I would like a method where I could somehow do a 'continue' statement somewhere, but I've only started learning and I ran out of ideas. You can see in the raw code I tried to do a FOR IF: ERROR statement in hopes to put a pass, but that seems like a syntax error. See the raw code below:
import concurrent.futures
import os
import time
import requests
import re
import selenium.common.exceptions
from bs4 import BeautifulSoup
from selenium import webdriver
from selenium.webdriver.common.by import By
import multiprocessing
edge_driver = 'C:selenium\\webdriver\\edge'
os.environ['PATH'] += edge_driver
web_links = {'digital archive': 'https://digital.nmla.metoffice.gov.uk/SO_1118bfbb-f2c9-476f-aa07-eb58b6db5ce6/', }
def scraping_bot(css_selector):
# First stage: Years
print('FIRST STAGE INITIATED....')
driver = webdriver.Edge()
driver.get(web_links.get('digital archive'))
year_args = (By.CSS_SELECTOR, f'a[href="{css_selector}"]')
driver.find_element(*year_args).click()
# Second Stage: Months
print('SECOND STAGE INITIATED....')
sTWO_url = driver.current_url
sTWO_site = requests.get(sTWO_url)
sTWO_web_objects = BeautifulSoup(sTWO_site.text, 'lxml')
monthly_placeholders = sTWO_web_objects.find(name='div', attrs={'class': 'twelve columns last results'})
months = monthly_placeholders.find_all(name='h5')
month_css_selector = {}
for month_href_tags in months:
month_tag = f'{month_href_tags.get_text()}'
month_hrefs = re.findall(regex, str(month_href_tags))
for month_href in month_hrefs:
month_css_selector.update({month_tag: month_href})
for v, y in zip(month_css_selector.values(), month_css_selector.keys()):
print(v) ##############################
month_args = (By.CSS_SELECTOR, f'a[href="{v}/"]')

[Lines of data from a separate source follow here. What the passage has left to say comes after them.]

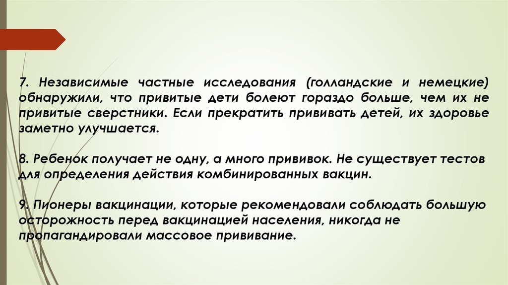 7. Независимые частные исследования (голландские и немецкие)обнаружили, что привитые дети болеют гораздо больше, чем их не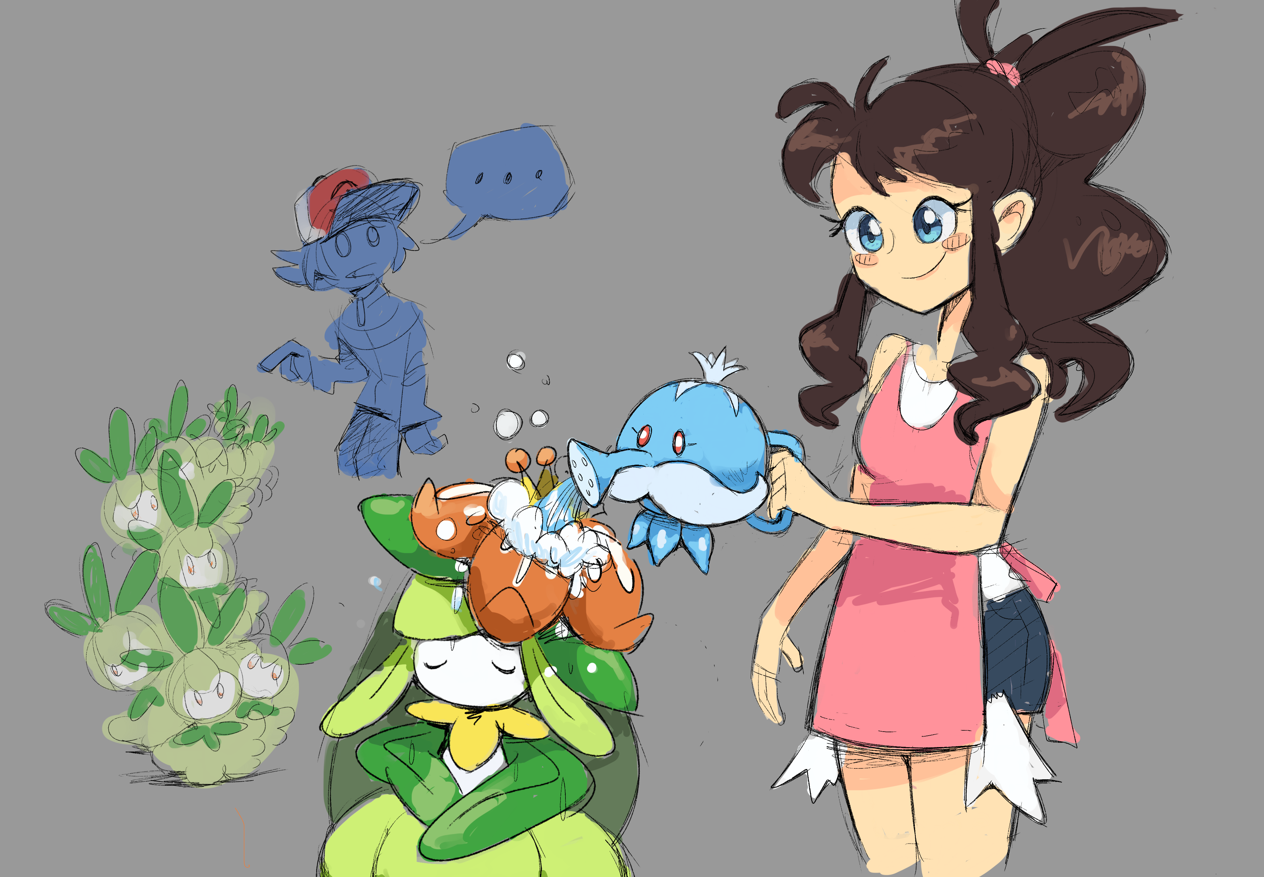 ... 1boy 1girl absurdres apron baseball_cap blue_eyes blush_stickers closed_eyes denim denim_shorts drawfag flower gen_5_pokemon grey_background hat highres hilbert_(pokemon) hilda_(pokemon) jellicent lilligant nintendo petilil pokemon pokemon_(creature) pokemon_black_and_white ponytail shorts smile standing too_many water watering_can
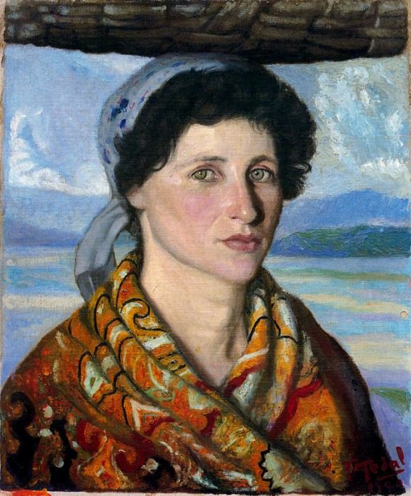 Perhaps it’s a painting of a woman and a boy sitting under an umbrella with a basket of food on a table next to a cup of coffee and a mug.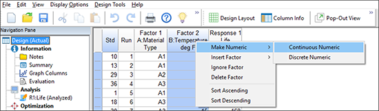まず、因子列 B:Temperature のヘッダにカーソルを移動してください。その位置で右クリックして、“Make Numeric” から “Continuous Numeric” を選択してください(この事例では、Discrete Numeric(離散数値型)を選択しても機能します。Discrete Numeric は数値型因子のうち、水準設定を便宜的に固定する必要があるものに適した選択肢です。たとえば、15、70、125 の三段階しか設定できないバッテリー用試験槽を使用するような場合はこれにあたります)。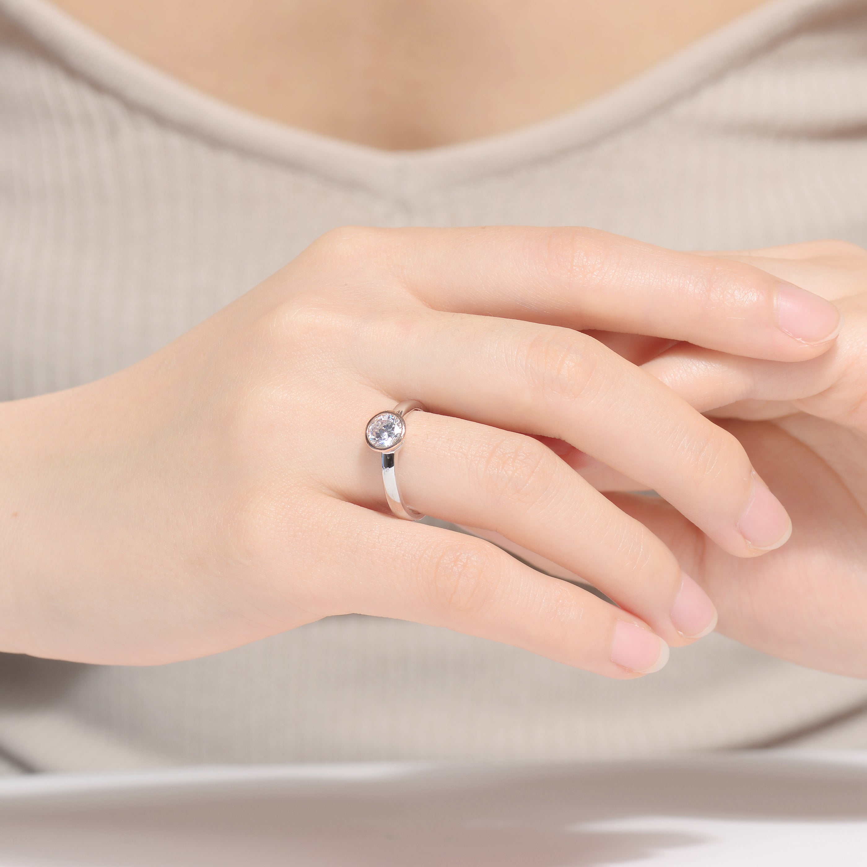 Timeless and understated, this sterling silver ring features a graceful circular design finished with luxurious gold plating. A brilliant round-cut white cubic zirconia sits at the center, adding a refined touch of sparkle that enhances the ring’s classic elegance. Designed to complement both everyday looks and special occasions, this versatile style is available in your choice of Gold or Rose Gold.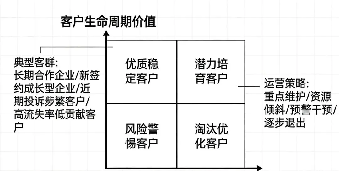 构建客户价值评估矩阵,以“客户需求真实性”为横轴,“客户 lifetime value(生命周期价值)”为纵轴,将客户划分为四类: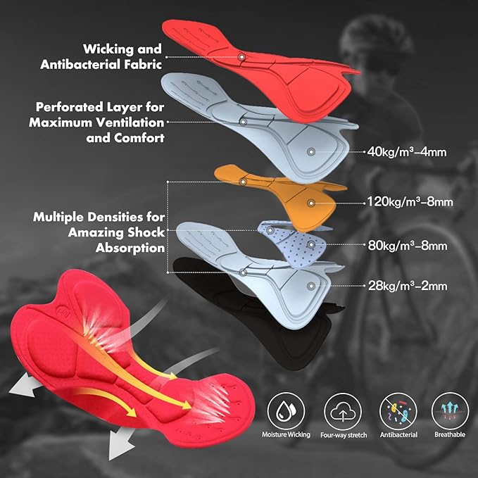 - 4D PROTECTION PAD: 6 layers of high impact foam offer comfort and high protection from injuries during long-distance cycling. A highly engineered design includes a four-way stretch and laser-cut rounded edges for a smooth and chafe-free feel. The surface of the pad is ultra-perforated, making it lightweight, breathable, and help to prevent saddle sores.

driver.find_element(*month_args).click()
# Third Stage: Download
print(f'THIRD STAGE INITIATED for: {y}: {v}')
sTWO_url = driver.current_url
download_site = requests.get(sTWO_url)
content = BeautifulSoup(download_site.text, 'lxml')
nav_controls = content.find_all('nav')
download_button = [nav_controls.find(attrs={'title': 'download'}) for nav_controls in nav_controls]
download_regex = r'(?<=href=\").{1,}(?=\" title)'
for button in download_button:
if button is not None:
print(button) ##############################
downl = re.findall(download_regex, str(button))
if len(downl) == 1:
for downl_button in downl:
download_args = (By.CSS_SELECTOR, f'a[href="{downl_button}"]')
driver.find_element(*download_args).click()
time.sleep(2)
print(f'THIRD STAGE DOWNLOAD COMPLETE: {y}; {v}')
##### END OF TREE HERE ####
driver.back() # goes back to Second Stage and so on
else:
print(f'Your download button matches exceeds 1: {len(downl)}')
if selenium.common.exceptions.ElementClickInterceptedException:
continue
if __name__ == '__main__':
sONE_url = requests.get(web_links.get('digital archive'))
sONE_web_objects = BeautifulSoup(sONE_url.text, 'lxml')
year_placeholder = sONE_web_objects.find(name='div', attrs={'class': 'sixteen columns results-and-filters'})
years = year_placeholder.find_all(name='div', attrs={'class': ['one_sixth grey_block new-secondary-background result-item',
'one_sixth grey_block new-secondary-background result-item last']}) # don't skip, needed for titles.
unit = [years.find('h5') for years in years]
regex = r'(?<=href=\").{1,}(?=\/")' # lookaround = PositiveLookBehind...PositiveLookAhead
year_css_selector = []
titles = [years.get('title') for years in years]
for year_href_tags, year_tag in zip(unit, titles): # href_tag -> bs4 component
hrefs = re.findall(regex, str(year_href_tags.get_text)) # href_tag.get_text -> method that enables str.
for year_href in hrefs:
year_css_selector.append(f'{year_href}/')
for i in year_css_selector:
scraping_bot(i)
Thus, I wish that my expected output would simply pass or continue that skips this erroneous web-page where I can manually download myself.